▸ **Exercise goal**
Nothing but the text of the listing, repeated exactly, belongs in the answer; leave the images out.

▸ **The data**

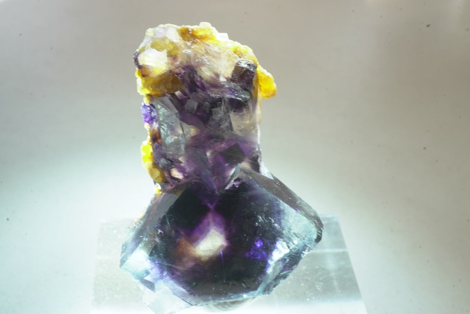 水色のキューブ状フローライトの中に濃い紫、真ん中にはまた透明な水色のキューブが入った綺麗な結晶。
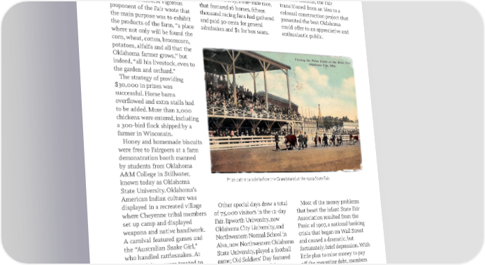 push a button to signal the start But there was no doubt the Even though revenues were of the first State Fair of Oklahoma. most popular attraction of the short to pay expenses, the Charles Haskell, recently elected first State Fair was horse racing, State Fair was declared a huge as the new state’s first Governor, long a fancy of early Oklahomans. success by its founders. In addressed the crowd. After several days of racing the just nine months, the Fair The exposition was largely an Oklahoma Derby, a one-mile race, transitioned from an idea to a agricultural show. A vigorous that featured 16 horses, fifteen colossal construction project that proponent of the Fair wrote that thousand racing fans had gathered presented the best Oklahoma the main purpose was to exhibit and paid 50 cents for general could offer to an appreciative and the products of the farm, “a place admission and $1 for box seats. enthusiastic public. where not only will be found the corn, wheat, cotton, broomcorn, potatoes, alfalfa and all that the Oklahoma farmer grows,” but indeed, “all his livestock, even to the garden and orchard.” The strategy of providing $30,000 in prizes was successful. Horse barns overflowed and extra stalls had to be added. More than 2,000 chickens were entered, including a 300-bird flock shipped by a farmer in Wisconsin. Honey and homemade biscuits were free to Fairgoers at a farm demonstration booth manned by students from Oklahoma A&M College in Stillwater, known today as Oklahoma Prize cattle parade before the Grandstand at the 1909 State Fair. State University. Oklahoma’s American Indian culture was displayed in a recreated village Other special days drew a total Most of the money problems where Cheyenne tribal members of 75,000 visitors in the 12-day that beset the infant State Fair set up camp and displayed Fair. Epworth University, now Association resulted from the weapons and native handiwork. Oklahoma City University, and Panic of 1907, a national banking A carnival featured games and Northwestern Normal School in crisis that began on Wall Street the “Australian Snake Girl,” Alva, now Northwestern Oklahoma and caused a dramatic, but who handled rattlesnakes. At State University, played a football fortunately, brief depression. With night, visitors were treated to game; Old Soldiers’ Day featured little plan to raise money to pay an elaborate set on which was a parade for veterans of the off the mounting debt, members performed “Carnival of Naples,” Spanish American War and the of the Fair Board turned to Henry with high wire acts, musicians, Rough Riders Association; and Overholser, a son of German and costumed actors. A fireworks Kentucky Day, was a reunion of immigrants, who had both the display crowned the evening’s former Kentuckians now living in resources and leadership ability to entertainment. Oklahoma. save the State Fair of Oklahoma. 16
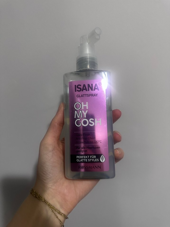 Isana Oh My Gosh saç düzleştirici sprey, saçı 220°C'ye kadar korur ve düz stiller için uygundur. Pratik sprey şişesinde sunulur. ♀️
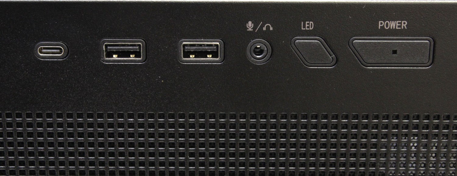 Есть кнопки Power, переключатель режимов подсветки, а из разъёмов присутствуют два USB 3.0 Type-A, один USB 3.0 Gen2 Type-C. Индикатор питания встроен в кнопку включения. Ещё здесь можно заметить один разъём миниджек для подключения гарнитуры. Каждая кнопка и разъём обрамлены пластиком, чтобы напрямую не касаться верхней металлической панели, а точнее прорезей в ней.
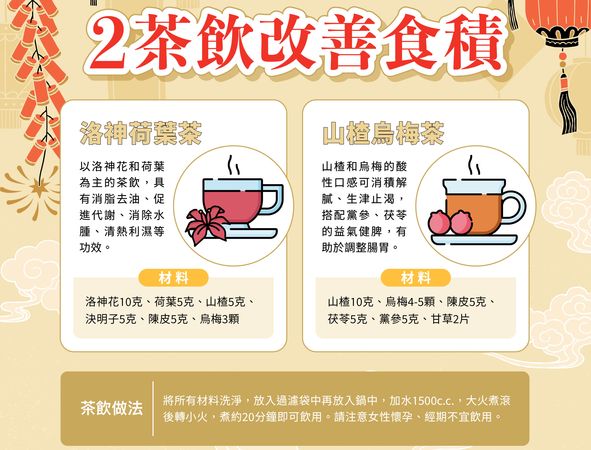 針對年節常見的胃脹氣與油膩不適,游晏楠中醫師建議,可在家自行準備消積解膩的養生茶飲,例如以洛神花、荷葉、山楂、決明子、陳皮與烏梅等中藥材,將材料洗淨後放入過濾袋中,加入約1500毫升清水,以大火煮滾後轉小火續煮約20分鐘即可飲用,適合餐後或感到油膩時少量飲用。另有以山楂與烏梅為主,搭配黨參、茯苓與少量甘草的茶飲,可幫助消積、生津並調整腸胃機能。不過游醫師也提醒,孕期或生理期間女性不宜飲用,飲用前應留意自身體質狀況。

▸ **Solution below**
 水色のキューブ状フローライトの中に濃い紫、真ん中にはまた透明な水色のキューブが入った綺麗な結晶。
 push a button to signal the start But there was no doubt the Even though revenues were of the first State Fair of Oklahoma. most popular attraction of the short to pay expenses, the Charles Haskell, recently elected first State Fair was horse racing, State Fair was declared a huge as the new state’s first Governor, long a fancy of early Oklahomans. success by its founders. In addressed the crowd. After several days of racing the just nine months, the Fair The exposition was largely an Oklahoma Derby, a one-mile race, transitioned from an idea to a agricultural show. A vigorous that featured 16 horses, fifteen colossal construction project that proponent of the Fair wrote that thousand racing fans had gathered presented the best Oklahoma the main purpose was to exhibit and paid 50 cents for general could offer to an appreciative and the products of the farm, “a place admission and $1 for box seats. enthusiastic public. where not only will be found the corn, wheat, cotton, broomcorn, potatoes, alfalfa and all that the Oklahoma farmer grows,” but indeed, “all his livestock, even to the garden and orchard.” The strategy of providing $30,000 in prizes was successful. Horse barns overflowed and extra stalls had to be added. More than 2,000 chickens were entered, including a 300-bird flock shipped by a farmer in Wisconsin. Honey and homemade biscuits were free to Fairgoers at a farm demonstration booth manned by students from Oklahoma A&M College in Stillwater, known today as Oklahoma Prize cattle parade before the Grandstand at the 1909 State Fair. State University. Oklahoma’s American Indian culture was displayed in a recreated village Other special days drew a total Most of the money problems where Cheyenne tribal members of 75,000 visitors in the 12-day that beset the infant State Fair set up camp and displayed Fair. Epworth University, now Association resulted from the weapons and native handiwork. Oklahoma City University, and Panic of 1907, a national banking A carnival featured games and Northwestern Normal School in crisis that began on Wall Street the “Australian Snake Girl,” Alva, now Northwestern Oklahoma and caused a dramatic, but who handled rattlesnakes. At State University, played a football fortunately, brief depression. With night, visitors were treated to game; Old Soldiers’ Day featured little plan to raise money to pay an elaborate set on which was a parade for veterans of the off the mounting debt, members performed “Carnival of Naples,” Spanish American War and the of the Fair Board turned to Henry with high wire acts, musicians, Rough Riders Association; and Overholser, a son of German and costumed actors. A fireworks Kentucky Day, was a reunion of immigrants, who had both the display crowned the evening’s former Kentuckians now living in resources and leadership ability to entertainment. Oklahoma. save the State Fair of Oklahoma. 16
 Isana Oh My Gosh saç düzleştirici sprey, saçı 220°C'ye kadar korur ve düz stiller için uygundur. Pratik sprey şişesinde sunulur. ♀️
 Есть кнопки Power, переключатель режимов подсветки, а из разъёмов присутствуют два USB 3.0 Type-A, один USB 3.0 Gen2 Type-C. Индикатор питания встроен в кнопку включения. Ещё здесь можно заметить один разъём миниджек для подключения гарнитуры. Каждая кнопка и разъём обрамлены пластиком, чтобы напрямую не касаться верхней металлической панели, а точнее прорезей в ней.
 針對年節常見的胃脹氣與油膩不適,游晏楠中醫師建議,可在家自行準備消積解膩的養生茶飲,例如以洛神花、荷葉、山楂、決明子、陳皮與烏梅等中藥材,將材料洗淨後放入過濾袋中,加入約1500毫升清水,以大火煮滾後轉小火續煮約20分鐘即可飲用,適合餐後或感到油膩時少量飲用。另有以山楂與烏梅為主,搭配黨參、茯苓與少量甘草的茶飲,可幫助消積、生津並調整腸胃機能。不過游醫師也提醒,孕期或生理期間女性不宜飲用,飲用前應留意自身體質狀況。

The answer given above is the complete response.